RNA - Scores of protesters chanted slogans near the entrance to the compound, with many urging freedom for the detained activist and condemning his potential extradition to the United States, Sputnik reported.
The rally took place a day after Renata Avila, lawyer and member of Assange's defence team, confirmed that the activist had been moved out of solitary confinement at the facility.
A spokesperson for the Yellow Vests movement said that hundreds had travelled from across France, including Nice, Marseilles, Montpelier, France, Lille, and other cities, to join the rally.
Activists from Belgium and Berlin, Germany, had also attended, the spokesperson said, adding that several interviews and live feeds had taken place with supporters in Australia and Mexico.
"A lot of countries have organised for Julian, such as Belgium, Austria and Switzerland, San Francisco, Denver, Toronto... Everywhere in the world for Julian, with the head of the Yellow Vests movement arriving today," the spokesperson said.
When asked why it was important for movements such as the Yellow Vests to back Assange, the spokesperson said that "if Julian goes down", the same could potentially happen for "democracy, egalitarianism and the truth".
She added, "That's why he is being persecuted, because he's a threat to those in charge of our countries.
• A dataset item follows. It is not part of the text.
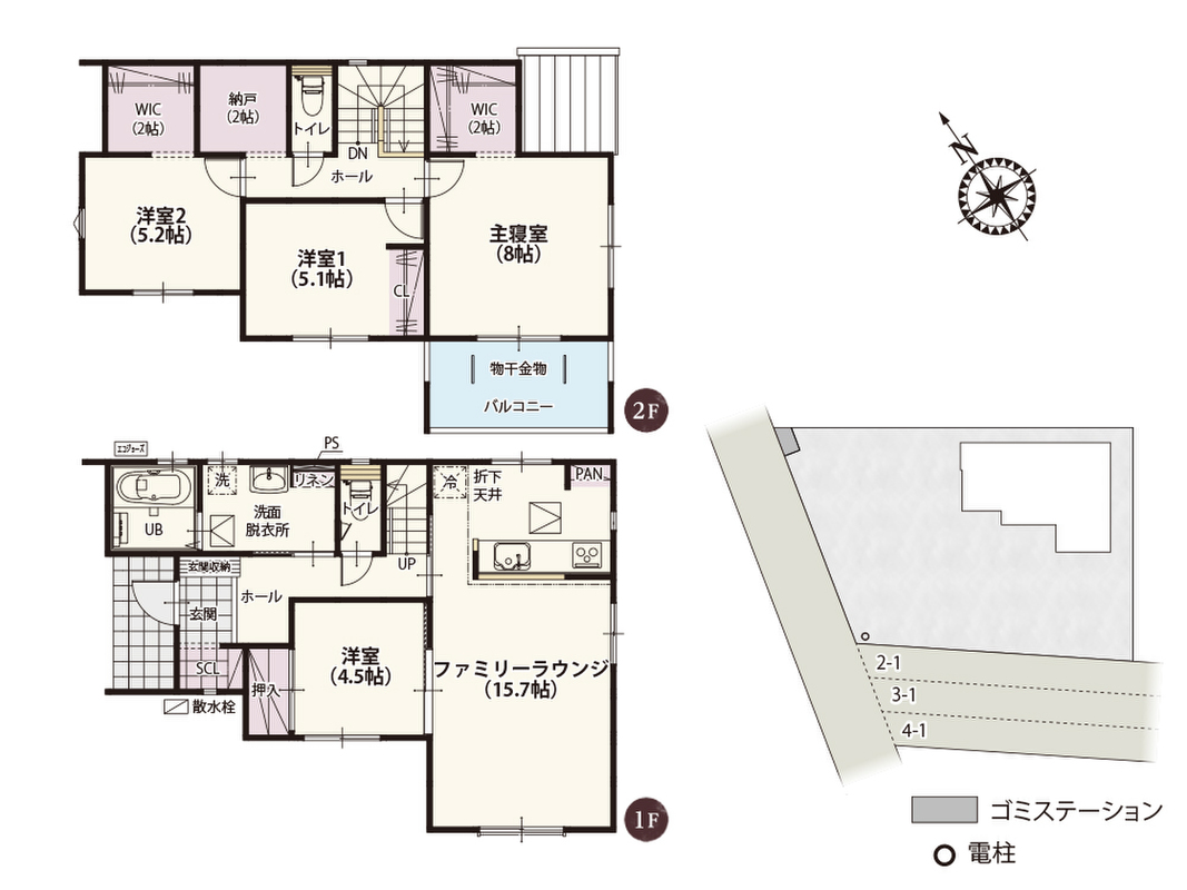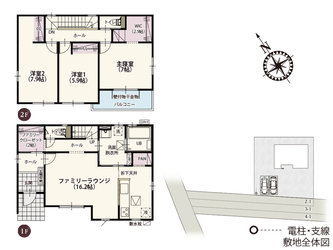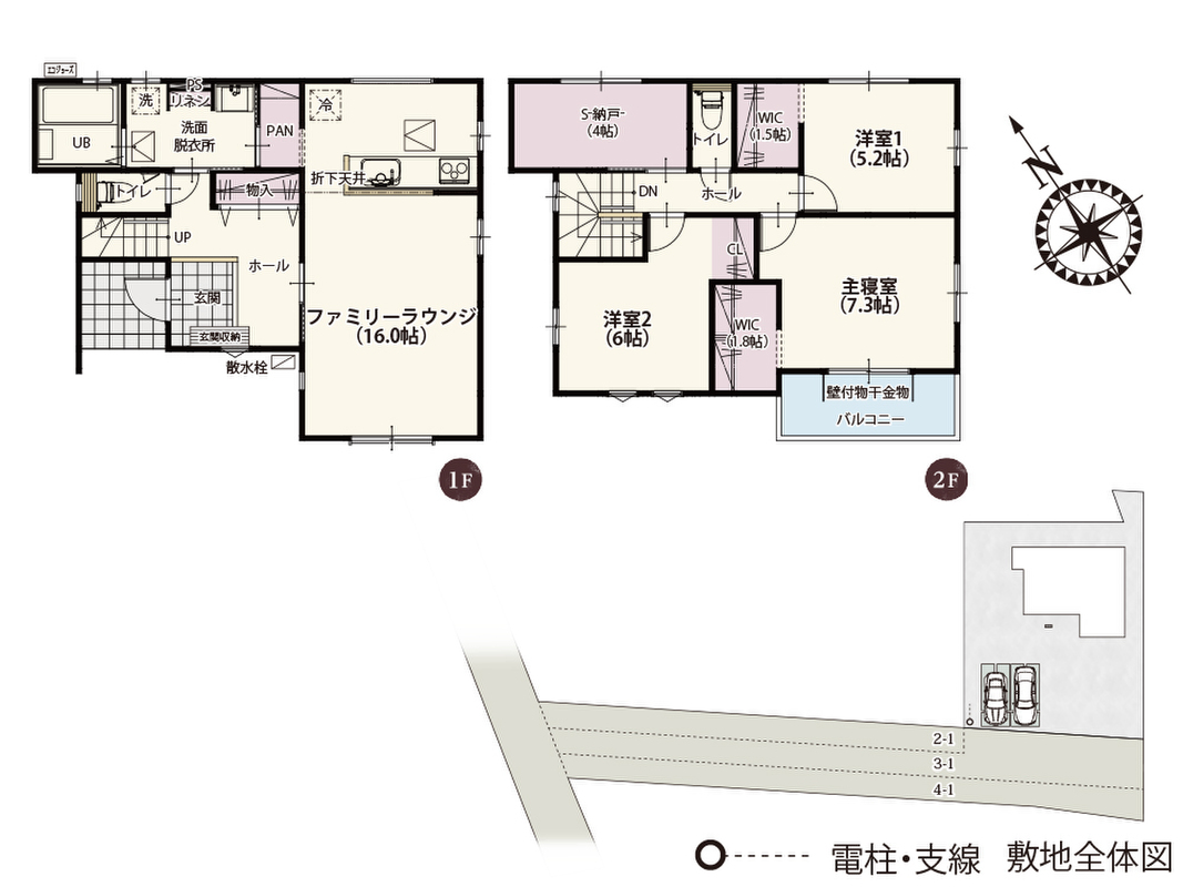 ■2階には2帖の開放的な収納が3ヶ所も設けられた収納たっぷりの整理整頓ラクラクプラン(1号棟)■全居室南向きで明るく過ごしやすい家(2号棟)■2階に約4帖の納戸がある収納に自信のある家(3号棟)

They're afraid of that, and they don't want Julian to be released."
It was very important for "true journalism and freedom of expression, media and the press", to speak up for Assange, which was the "beginning of many posibilities for us", the spokesperson concluded.
A spokeswoman from the Committee to Defend Julian Assange said that the rallies were special because of the Yellow Vests travelling "in large numbers all the way from France".
"They've shown people in this country and in Europe what it is to have a struggle," she said.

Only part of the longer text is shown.